I have not had luck with any of the suggestions above to fix the issue on Android.

I did not have this issue while running 23.1 (and prior releases) with Wireguard-go but If I installed Wireguard-kernel I did have the issue. Since upgrading to 23.7, I get the issue whether I use Wireguard-go or Wireguard-Kernel. I will probably start another thread if there isn't one already.

What are the best practices to avoid downtime caused by firmware upgrade of OPNsense?
My current setup is similar to 'Diagarm 1'. Is the solution sketched in 'Diagarm 2' good, or is there any better solution?

The first diagram you posted is just Multi-WAN, this does not provide firewall redundancy so your network will be offline while OPNsense updates.
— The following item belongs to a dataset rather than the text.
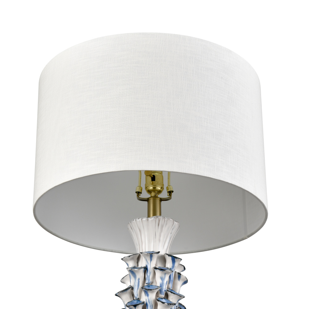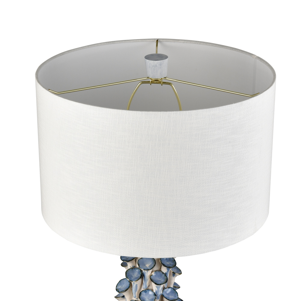 The Habel Table Lamp has a gently tapered cylindrical ceramic body covered in tiny hand-applied blue trumpet shapes that mimic the look of ocean flora. A white textured linen drum shade completes the look.

The second diagram you posted is Multi-WAN with High Availability. Since that setup has two firewalls, you can update the second firewall, temporarily make it the primary while you test functionality and stability, and then when satisfied you can update the first firewall and return it to the active/primary state. In my experience this is the best option with OPNsense. The documentation outlines this procedure in the link below.
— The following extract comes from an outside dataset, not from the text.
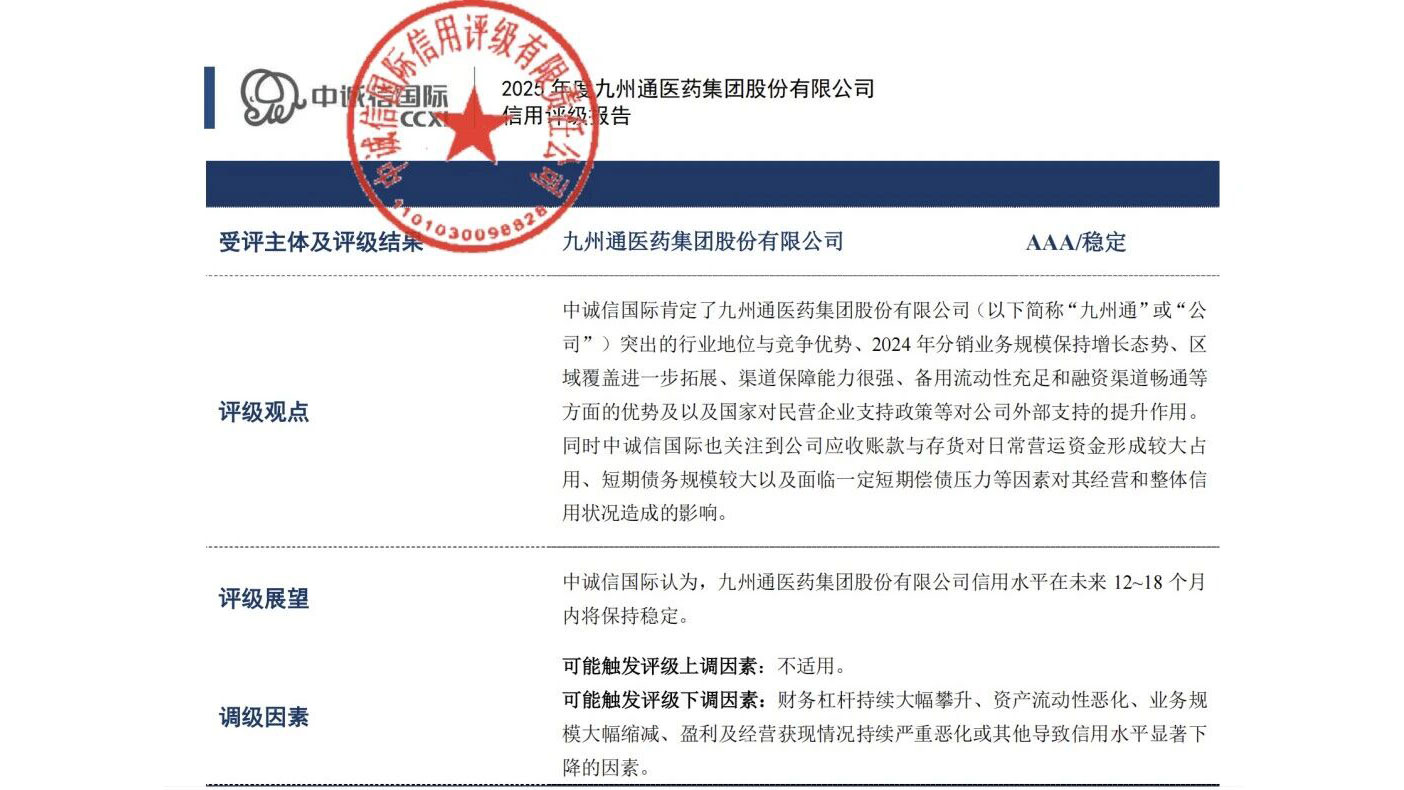 2025年 8月25日,公司主体信用等级晋升为“AAA”,评级展望为“稳定”,成为医药流通行业唯一获得AAA信用等级的民营企业。

https://docs.opnsense.org/manual/how-tos/carp.html#example-updating-a-carp-ha-cluster

Here https://docs.opnsense.org/manual/how-tos/carp.html#setup-interfaces-basic-firewall-rules are some text that I don't understand:
Because we're connecting both firewalls using a direct cable connection, we will add a single rule to accept all traffic on all protocols for that specific interface. Another option is to only accept traffic to the GUI port and pfSync protocol.
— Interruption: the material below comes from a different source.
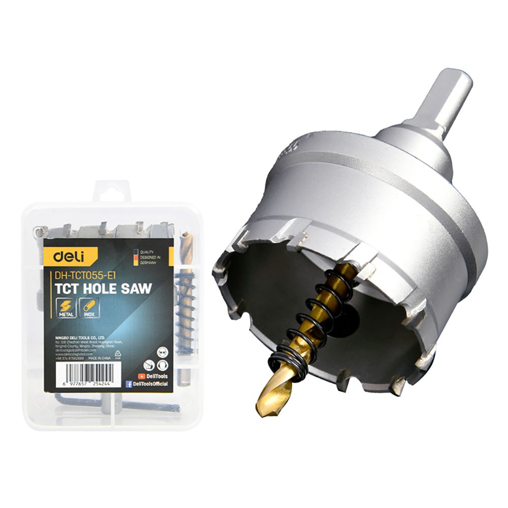 Коронка по металлу твердосплавная с центрирующим сверлом Deli DH-TCT055-E1 диаметр 55мм, шестигранный хвостовик

What does this "single rule" refer to? In this case, is there no need for a rule on the WAN and LAN, but just this one? However, it's not clear to me what this one should look like.

Does the LAN interface even need a rule that allows CARP? By default it already has one that allows all traffic into the LAN.

Please explain in more detail what these rules should be.

The interface used for pfsync needs a rule to allow traffic between the two firewalls. So this rule would go under Firewall --> Rules --> PFSYNC (or whatever you named your pfsync interface)

   Protocol    Source            Port    Destination    Port    Gateway    Schedule       Description    
    IPv4 *      PFSYNC net    *            PFSYNC net    *             *                    *       

The recommendation is to just have it allow everything like below. If you want to harden things up you can modify if after you have everything up and running and see if everything still works.

   Protocol    Source            Port    Destination    Port    Gateway    Schedule       Description    
    IPv4 *      *                       *            *                   *             *                    *       

I am not sure if you need to explicitly define rules for CARP on the other interfaces. I will try some things and report back.

I have setup CARP with a single WAN IP address that is assigned via DHCP. The way I did it was to place an intermediate "router" between my OPNsense firewall and the ISP ONT. This intermediate router takes the public WAN and then creates a private range where you can have as many IP addresses as you want. So my OPNsense firewalls see 192.168.1.251 (FW1),192.168.1.252 (FW2), and 192.168.1.1 (CARP) as the three "WAN" IP addresses.

Even though it is technically a double NAT, it does not have the challenges of a traditional double NAT because the intermediate router is setup to port forward all incoming traffic on the real WAN to the CARP WAN 192.168.1.1 address.

I realize it is impractical to put another "router" in between the ONT and OPNsense firewall but I used EdgeRouter ER-X which is tiny and very low on power draw. Mikrotik also has similar small devices in their range, such as the Hex. Just make sure you get something with RouterOS and not SwitchOS.

It does add another point of failure in the chain but I run Multi-WAN to negate that. Even if you didn't have the intermediate router the ISP ONT/modem would still be a single point of failure.

This is the best way I could think of doing it and based on my experiences to date, I would recommend it.